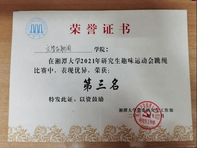 选手不负众望在“跳大绳”比赛中收获了第三名的好成绩。本次活动让全体研究生在紧张的学习工作之余也锻炼了身体,在轻松愉悦的氛围中培养了团队精神,收获了友谊和健康的身体;这样的意义已经远胜于输赢本身。
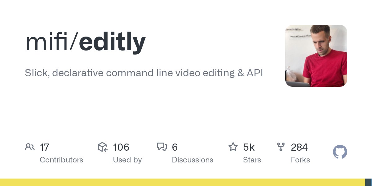 Editly — это инструмент и платформа для нелинейного редактирования видео с использованием Node.js и ffmpeg.
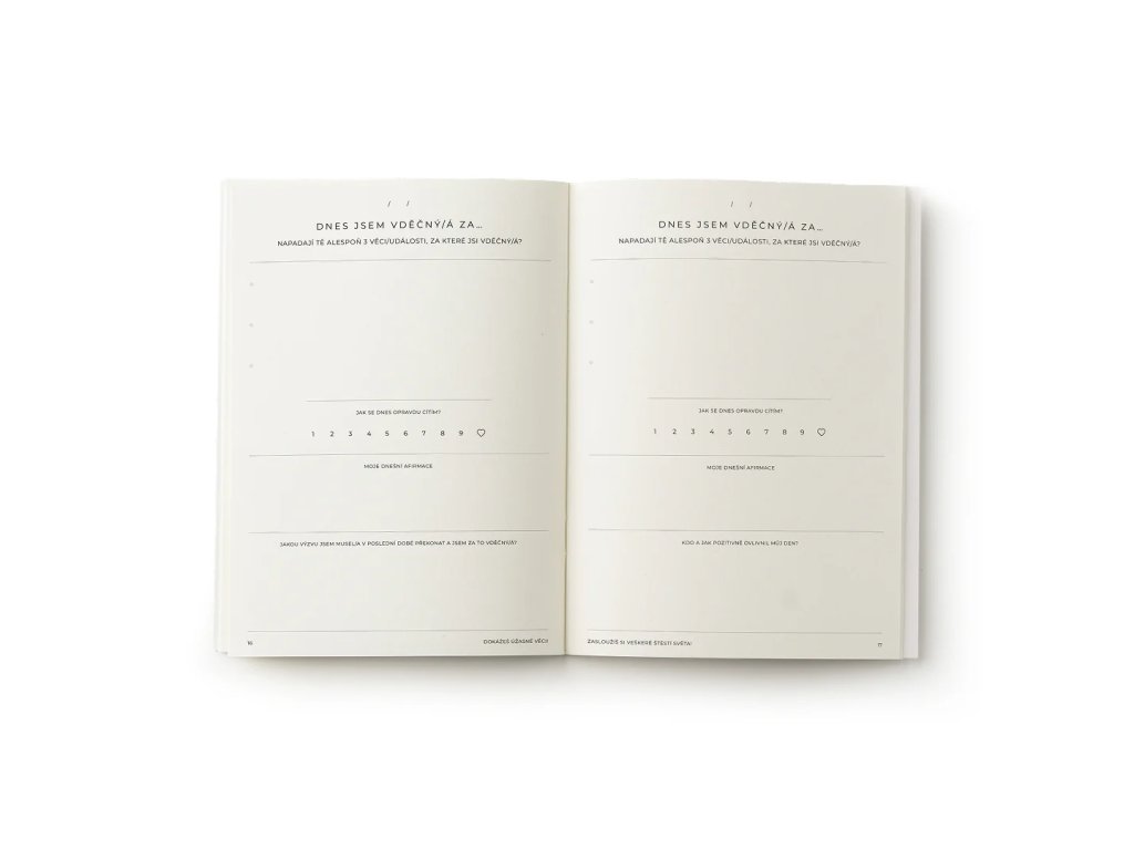- Nedatovaný. Začni, kdy chceš. Žádný stres z prázdných stránek, když nějaký den vynecháš.
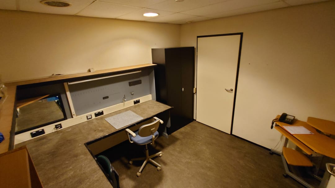 De indrukwekkende studio/hal heeft een hoogte van ca. 6 meter en is volledig geluidsarm dankzij de 40 cm dikke G4-constructie en hoogwaardige isolatie.
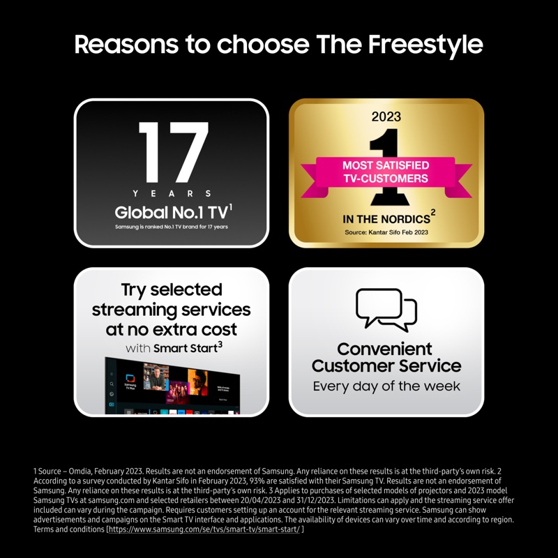 Samsung TV Access -toiminto – Nauti The Freestyle -projektorilla televisiosi sisällöstä, olipa televisio kiinni tai auki. (Palvelu toimii ainoastaan yhteensopivien Samsungin TV-mallien kanssa (2017 Samsung Q7x-mallista ylöspäin).
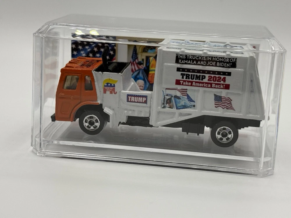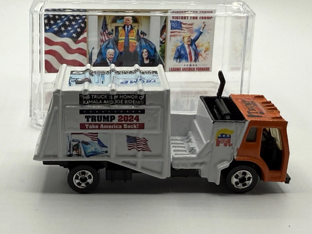 Celebrate the victory of President Donald Trump with this custom Hot Wheels 1982 Trash Truck. The orange diecast vehicle is a 1:64 scale model of the iconic Garbage Truck from the Hot Wheels Hot Trucks series. Comes in acrylic case. This collectible toy is perfect for fans of the President and Hot Wheels alike. Featuring the year of manufacture 1982, this Trash Truck is a must-have for any serious collector. The vehicle type is a classic trucks and vans category, and it is made of high-quality diecast material. Add this unique piece to your collection today and show off your love for both Hot Wheels and President Donald Trump.
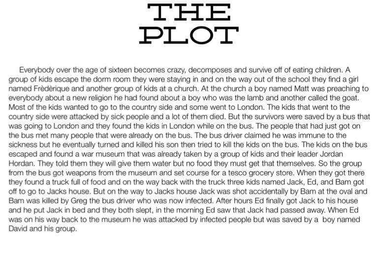 Everybody over the age of sixteen becomes crazy, decomposes and survive off of eating children. A group of kids escape the dorm room they were staying in and on the way out of the school they find a girl named Frèdèrique and another group of kids at a church. At the church a boy named Matt was preaching to everybody about a new religion he had found about a boy who was the lamb and another called the goat. Most of the kids wanted to go to the country side and some went to London. The kids that went to the country side were attacked by sick people and a lot of them died. But the survivors were saved by a bus that was going to London and they found the kids in London while on the bus. The people that had just got on the bus met many people that were already on the bus. The bus driver claimed he was immune to the sickness but he eventually turned and killed his son then tried to kill the kids on the bus. The kids on the bus escaped and found a war museum that was already taken by a group of kids and their leader Jordan Hordan. They told them they will give them water but no food they must get that themselves. So the group from the bus got weapons from the museum and set course for a tesco grocery store. When they got there they found a truck full of food and on the way back with the truck three kids named Jack, Ed, and Bam got off to go to Jacks house. But on the way to Jacks house Jack was shot accidentally by Bam at the oval and Bam was killed by Greg the bus driver who was now infected. After hours Ed finally got Jack to his house and he put Jack in bed and they both slept, in the morning Ed saw that Jack had passed away. When Ed was on his way back to the museum he was attacked by infected people but was saved by a boy named David and his group.
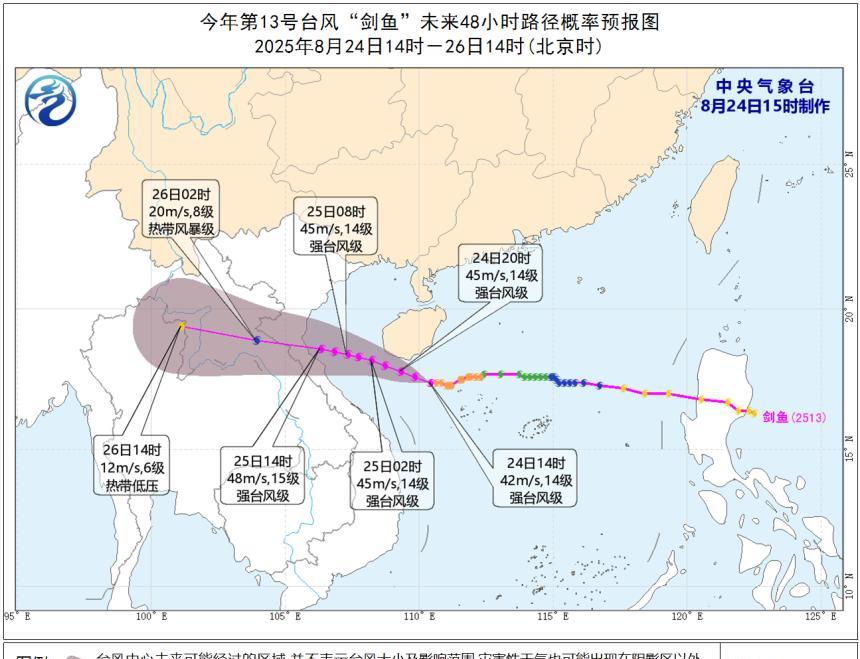 台风“剑鱼”已增强至14级,较大可能擦过三亚一带沿海!今天(24日)下午14时1
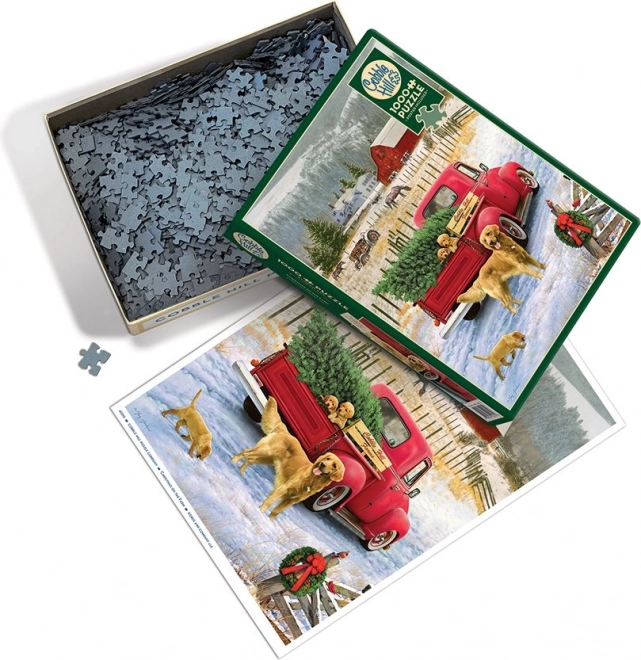 Puzzel 1000 stukjes Kerst op de boerderij van COBBLE HILL. Onconventionele stukvormen voor hogere moeilijkheid, hoge drukkwaliteit en voorbeeldposter inbegrepen. Afmeting 48,9 × 67,6 cm.
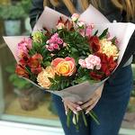 Альстромерия - 5 шт. Писташ - 3 шт. Роза - 3 шт. Упаковка - 1 шт. Диантус - 2 шт.
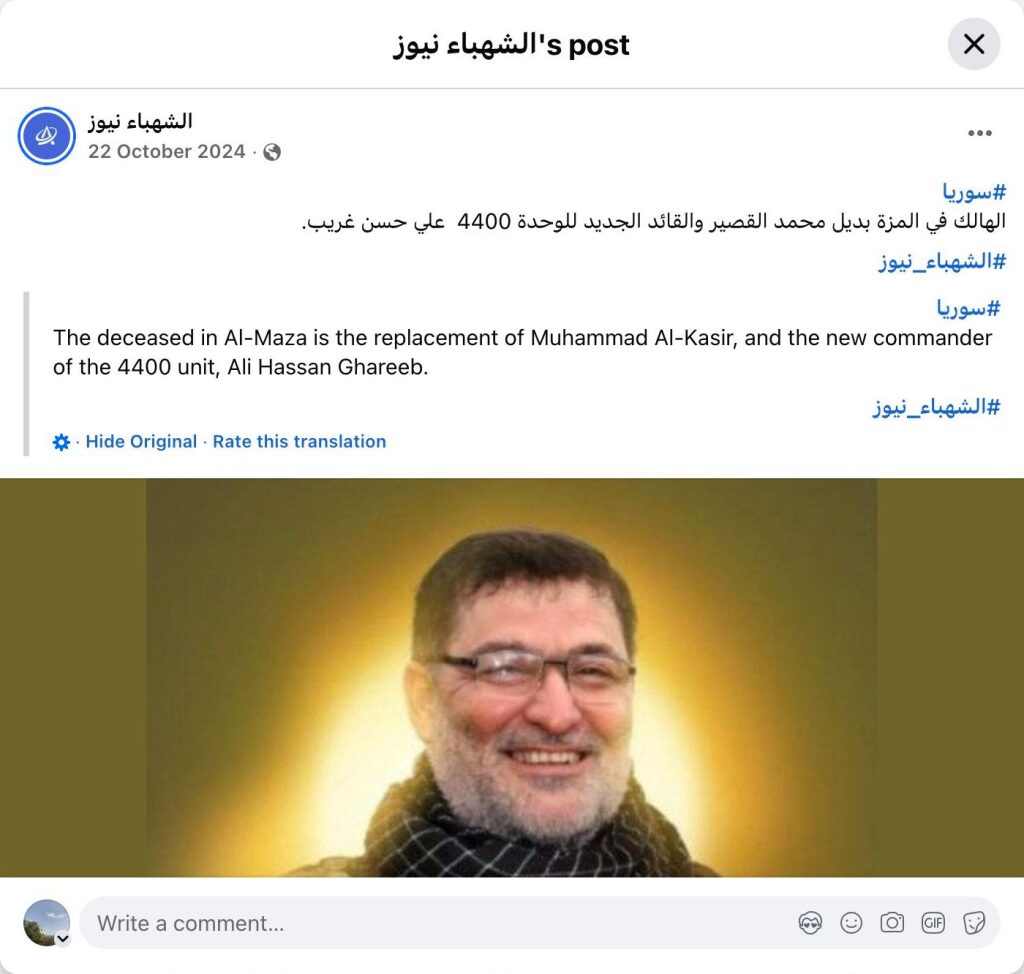 The deceased in Al-Maza was Muhammad Al-Kasir's replacement, and the new commander of Unit 4400 is Ali Hassan Ghareeb.
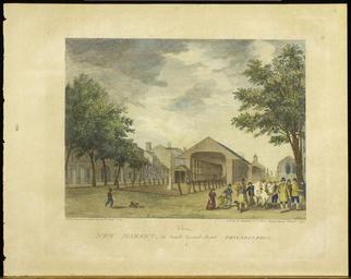 Keywords: library company of philadelphia librarycompanyofphiladelphia african americana africanamericana second street secondstreet headhouse headhouse market headhousemarket south philadelphia southphiladelphia engravings fiddle boys streets architecture cows marketplace philadelphia photo border outdoor Street scene with a view of the New Market shed on South Second Street. Depicts a group of men, women, and children gathered by a bull decorated with garlands of flowers near the shed, possibly a procession of a butcher's trade association. An African American fiddle player entertains the group as an African American boy runs toward them. Attached to the back of the shed is the fire engine house with cupola, known as the headhouse." The New Market, erected about 1745, was created following a petition by the growing population of South Philadelphia residents who found it a hardship to cross Dock Creek to reach the High Street. The shed was razed in 1956 and rebuilt in 1963. p-2276-35. Drawn, Engraved & Published by W. Birch & Son. 1799. Link to record on ImPAC, the Library Company’s digital collections catalog: lcpdams.librarycompany.org:8881/R/-?func=dbin-jump-full&a... Street scene with a view of the New Market shed on South Second Street. Depicts a group of men, women, and children gathered by a bull decorated with garlands of flowers near the shed, possibly a procession of a butcher's trade association. An African American fiddle player entertains the group as an African American boy runs toward them. Attached to the back of the shed is the fire engine house with cupola, known as the headhouse." The New Market, erected about 1745, was created following a petition by the growing population of South Philadelphia residents who found it a hardship to cross Dock Creek to reach the High Street. The shed was razed in 1956 and rebuilt in 1963. p-2276-35. Drawn, Engraved & Published by W. Birch & Son. 1799. Link to record on ImPAC, the Library Company’s digital collections catalog: lcpdams.librarycompany.org:8881/R/-?func=dbin-jump-full&a... |
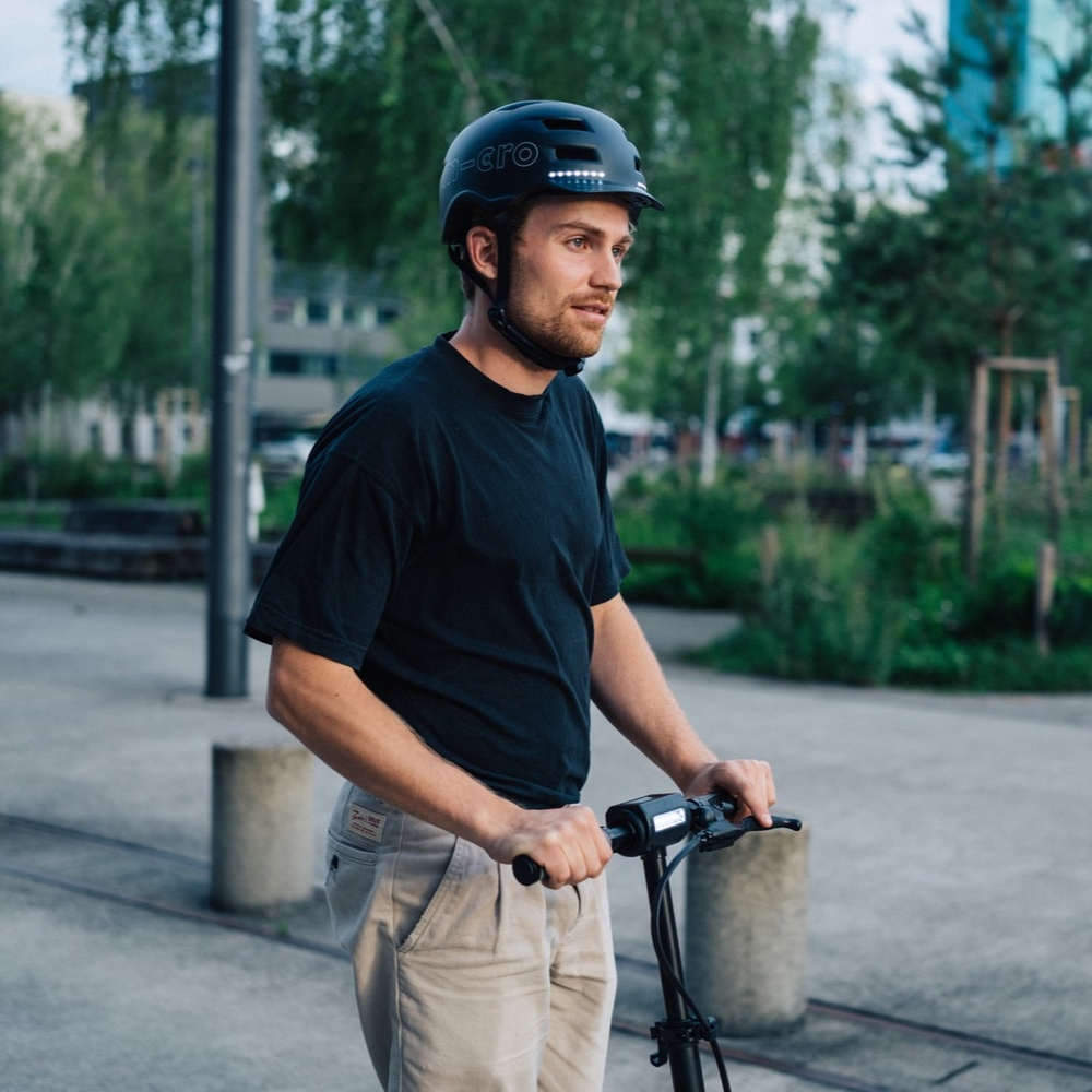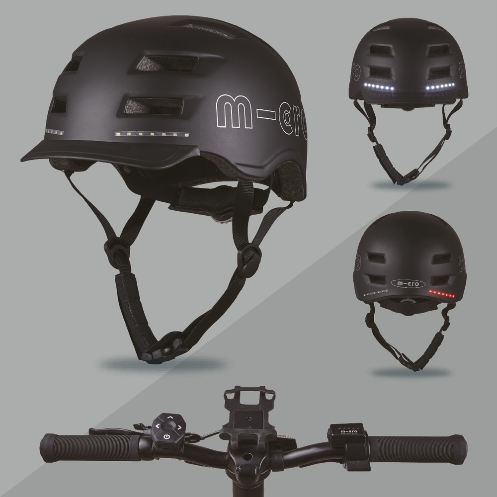 To use the Micro Smart helmet LED light system, attach the remote control that comes with the helmet to the handlebars of your scooter or kick scooter. The light has two modes: steady or flashing. In addition, there is a brake light that is activated by an integrated balance sensor. The remote control allows the rider to signal to other road users whether they want to turn right or left without taking their hands off the handlebars.

▶ **Directions**: Among the records above, locate the line containing "- Nedatovaný. Začni, kdy" and the line containing "Celebrate the victory", then transcribe exactly the lines starting at the first and ending at the second, with no pictures.

▶ **Exercise output**:
- Nedatovaný. Začni, kdy chceš. Žádný stres z prázdných stránek, když nějaký den vynecháš.
 De indrukwekkende studio/hal heeft een hoogte van ca. 6 meter en is volledig geluidsarm dankzij de 40 cm dikke G4-constructie en hoogwaardige isolatie.
 Samsung TV Access -toiminto – Nauti The Freestyle -projektorilla televisiosi sisällöstä, olipa televisio kiinni tai auki. (Palvelu toimii ainoastaan yhteensopivien Samsungin TV-mallien kanssa (2017 Samsung Q7x-mallista ylöspäin).
 Celebrate the victory of President Donald Trump with this custom Hot Wheels 1982 Trash Truck. The orange diecast vehicle is a 1:64 scale model of the iconic Garbage Truck from the Hot Wheels Hot Trucks series. Comes in acrylic case. This collectible toy is perfect for fans of the President and Hot Wheels alike. Featuring the year of manufacture 1982, this Trash Truck is a must-have for any serious collector. The vehicle type is a classic trucks and vans category, and it is made of high-quality diecast material. Add this unique piece to your collection today and show off your love for both Hot Wheels and President Donald Trump.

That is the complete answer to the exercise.